Diplopia, colloquially referred to as “double vision,” is a challenging chief complaint in the emergency department. The etiologies are vast. Acute life-threatening causes include stroke, aneurysm, or increased intracranial pressure. Less urgent chronic causes can include decompensated phoria (ie, misalignment of the eyes) or slowly evolving microvascular disease. Life- and organ-threatening causes should be the top concern in the emergency department, and emergency physicians must be prepared to identify any related conditions.1
Explore This IssueACEP Now: Vol 40 – No 07 – July 2021
Clinicians must first determine whether the patient has monocular or binocular diplopia. Monocular diplopia is confirmed when covering the opposite eye fails to resolve the diplopia. This strongly suggests etiologies that are nonemergent but should be referred for outpatient ophthalmologic evaluation. (Note: Some exceptions such as multiple sclerosis, seizures, or various forms of encephalopathy will be apparent by other aspects of the patient’s presentation.)2 The remainder of this article discusses binocular diplopia (henceforth referred to as diplopia), which occurs due to misalignment of the visual axes.

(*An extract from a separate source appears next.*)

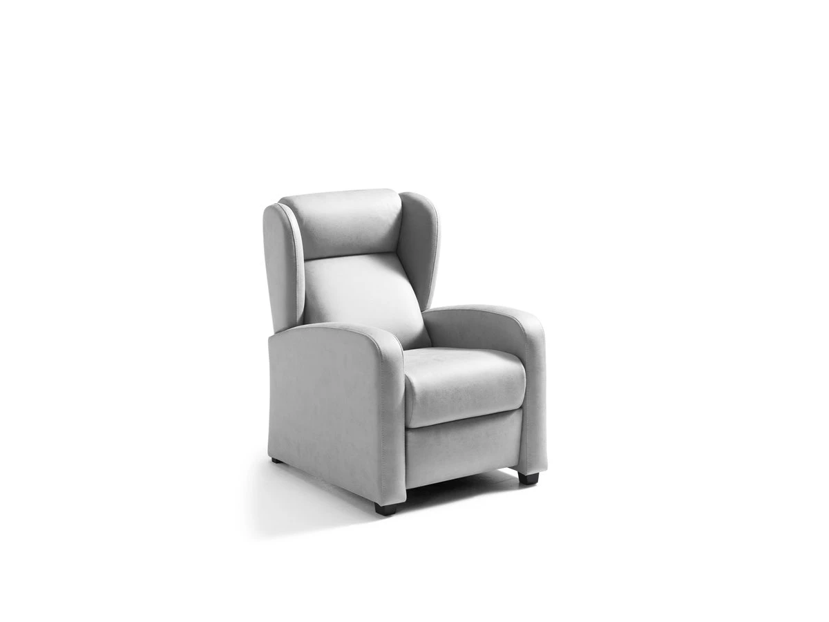 ADA Sillón Relax Manual. Estructura de madera y tablero de partículas. Revestimiento en tela, color gris claro. Patas en PVC, color wengué. Medidas: 72an x 98al x 88 fon cm.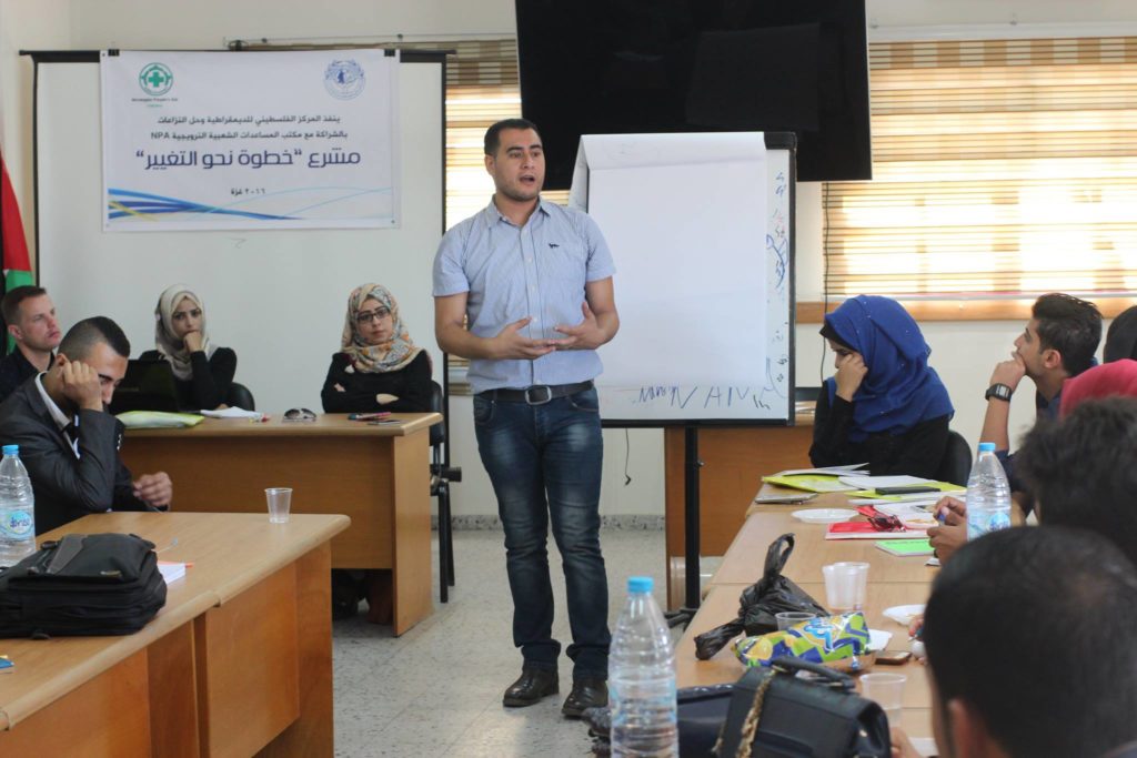 انتهى المركز الفلسطيني للديمقراطية وحل النزاعات من تنفيذ البرنامج التدريبي الأول حول “تطوير مهارات الشباب في المساءلة المجتمعية وحملات الضغط والمناصرة“ ل 25 شاب وشابة ضمن مشروع خطوة نحو التغيير الذي ينفذه المركز بالشراكة مع مكتب المساعدات الشعبية النرويجيةNPA . حيث يعد هذا البرنامج هو المرحلة الأولى من المشروع، والتي تهدف إلي تشكيل ائتلاف شبابي على المستوى الوطني ناشط في العمل المجتمعي والسياسي للمطالبة بحقوقهم في حرية التعبير وتكوين الجمعيات، ويشمل هذا البرنامج عدة مدن فلسطينية منها مدينة غزة ونابلس والخليل. ومن أهم الموضوعات التي تضمنها البرنامج التدريبي: المساءلة المجتمعية، والديمقراطية والمواطنة، والمشاركة المجتمعية، وقانون تشكيل الجمعيات، والضغط والمناصرة بمشاركة مجموعة من المدربين في كافة المناطق التي شملها التدريب.

A brief review of the neuroanatomy of eye movement is helpful to recognize patterns of extraocular muscle weakness, identify cranial nerve (CN) palsies, and localize structural lesions. Proper eye alignment and movement depend on extraocular muscles innervated by CNs III, IV, and VI (see Table 1 and Figure 1). These CNs originate in the midbrain and pons, course through the subarachnoid space near important structures such as the posterior communicating artery, travel through the cavernous sinus, enter the orbit through the superior orbital fissure, and finally innervate their target extraocular muscle(s) at the neuromuscular junction. Pathology at any of these locations may cause diplopia.
A complete CN III palsy impairs eye supraduction (vertical upward glance), infraduction (vertical downward glance), and adduction. This causes the eye to rest in a “down and out” position. An incomplete CN III palsy will present with varying degrees of weakness in each of the affected extraocular muscles. Additionally, CN III contains motor fibers that control the levator muscle of the eyelid and parasympathetic fibers located on the periphery of the nerve trunk that control pupil constriction. Compressive lesions such as aneurysms will usually (but not always) result in pupil dilation with some degree of oculomotor dysfunction and/or ptosis.
CN IV palsy causes upward deviation and rotational misalignment; however, this can be difficult to identify due to the compensatory effect of other intact extraocular muscles. To diagnose an isolated unilateral CN IV palsy, the examiner should assess whether the upward deviation in the affected eye worsens with gaze toward the contralateral side and with the head tilted toward the ipsilateral side. If the exam is not consistent with these findings, one should consider alternative diagnoses.